Yavuz Ataç (eski MİT mensubu) olayı var, Amerikalılarla çalışan. Yazılı bilgiler var hakkında. Çakıcı’ya pasaport verme olayı var kendisinin. Benim makamımı bastı. Silah koymuş beline geldi. Zorla içeri girdi. Yumruk yumruğa girdik. Bundan dolayı ikimiz de ceza aldık. Çakıcı’nın mesajını getiriyormuş. Tehdit etti beni resmen. Çakıcı yakalansın istiyordum ben Amerika’da. Çakıcı’yı yoksa biz sadece bir operasyonda kullandık. Almanya’daki bir operasyondu. PKK’ya karşı bir operasyon. Başarısız olundu bu operasyonda. Hatta sızma oldu… Ben başka bir görev vermedim. O tarihlerde Korkut Eken eğitimini veriyordu. Çakıcı’nın iki sağlam adamı vardı. Onlar bu işlerdeydi. Biri öldü. Eken, puanının düşük olduğunu söylüyordu.

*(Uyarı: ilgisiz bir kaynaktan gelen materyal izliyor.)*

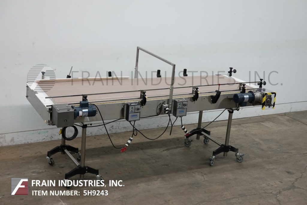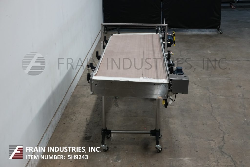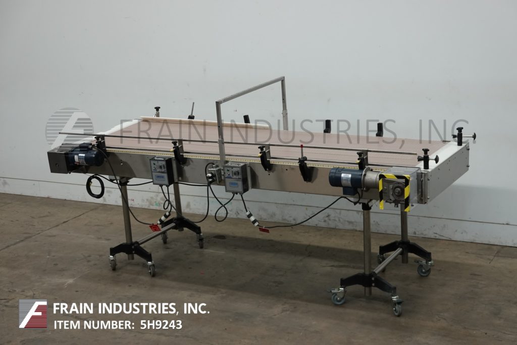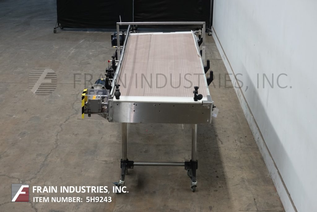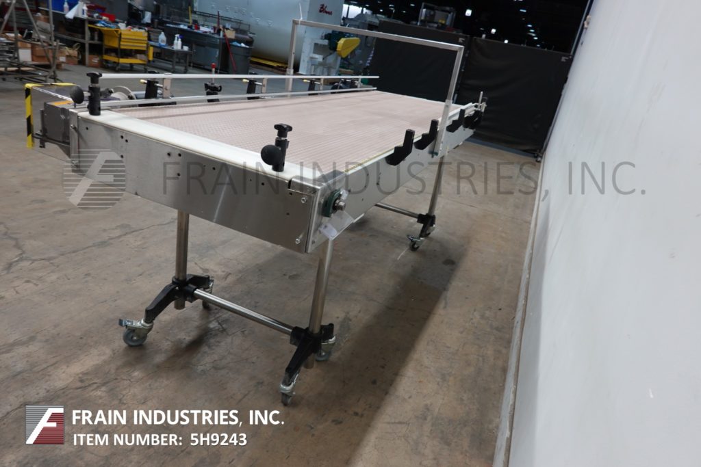 Back to All Equipment36" wide x 112" long, stainless steel bi-directional off-line accumulation table with number of containers per hour – depending on materials and application. Equipped with 36" wide x 112" long belts with variable speed controls, adjustable guide rails and 40" to 45" feed and discharge height range, with (2) ½ Hp motor drives. Mounted on (4) leg stainless steel frame.

– MİT alıp böyle yetiştiriyor muydu?
İşte alıp böyle eylemlerde kullanılacaksa olabilirdi, eğitim verilirdi.
– Maraş, Çorum, Sivas katliamları var, yöntem bu mudur? Gladio böyle mi oluşur?
Ordu yapıyordu bazı eğitimleri. Bu konularla ilgisini bilmem ama. Gladio dedikleri yapı böyledir.
“GLADIO HÂLÂ OLABİLİR”
– Ergenekon’da etkiniz var mı, savcılara bilgi verdiniz mi operasyonun başında?
Ben Ergenekon’un yine Perinçek’in başında olduğu yapıdan çıktığını sanıyorum. O belgeler onun masasından çıktı. Türkiye’ye çok zarar veren bir adam Perinçek. Ben televizyonlarda kaç kere “Hiram Abas’ı öldürten sensin” diye söyledim. Ama hiçbir savcı harekete geçmedi. Bilakis, hakaret etti diye tazminat istiyor. Veli Küçük de vardı bu işin içinde. Veli Küçük bu işlere çok meraklı. Perinçek de meraklı. Ben Zekeriya Öz’le görüştüm. Bildiğim şeyleri söyledim. O beni aldırdı önce. “Sanık olarak mı tanık olarak mı aldıralım” dedi. “Siz bilirsiniz” dedim. “Ama birkaç sene sonra size de aynı şeyleri soran olursa beni hatırlayın” dedim.
Ben Ergenekon operasyonunda doğru hareket edilmediğini düşünüyorum. Bir yapı var. Ama bu çizilen yapı mı başka şey mi bilmiyorum. Gladio dediğim yapı hâlâ olabilir.
“BASINDA ÇOK MİT’Çİ VARDIR”
– Ergenekon’da itirafçı olarak kullanılan Tuncay Güney size mi bağlıydı?
Hiç alakam yok. MİT elemanlığı yapmış. Nuri Gündeş’lerin zamanında yapmış. Ben onunla ilgili ‘çift meslekliler’ diye yazdım. Veli Küçük’ün adamıydı.
– Basında bu kadar MİT’çi var mı?
Çok vardır.
– Geriye baktığınızda gerçekten hiç pişmanlık duymuyor musunuz?
Gençken daha serttik. Hatalarım muhakkak olmuştur. Ama hep bunu söylerim. Kitabımda da yazdım. Çok hatam oldu, hataları bıraka bıraka düzgün olmaya çalıştım. Hatalardan ders çıkarttım. Ama hâlâ bazen hiddetleniyorum. Şunu verseler de bir sorgulasalar, diyorum.”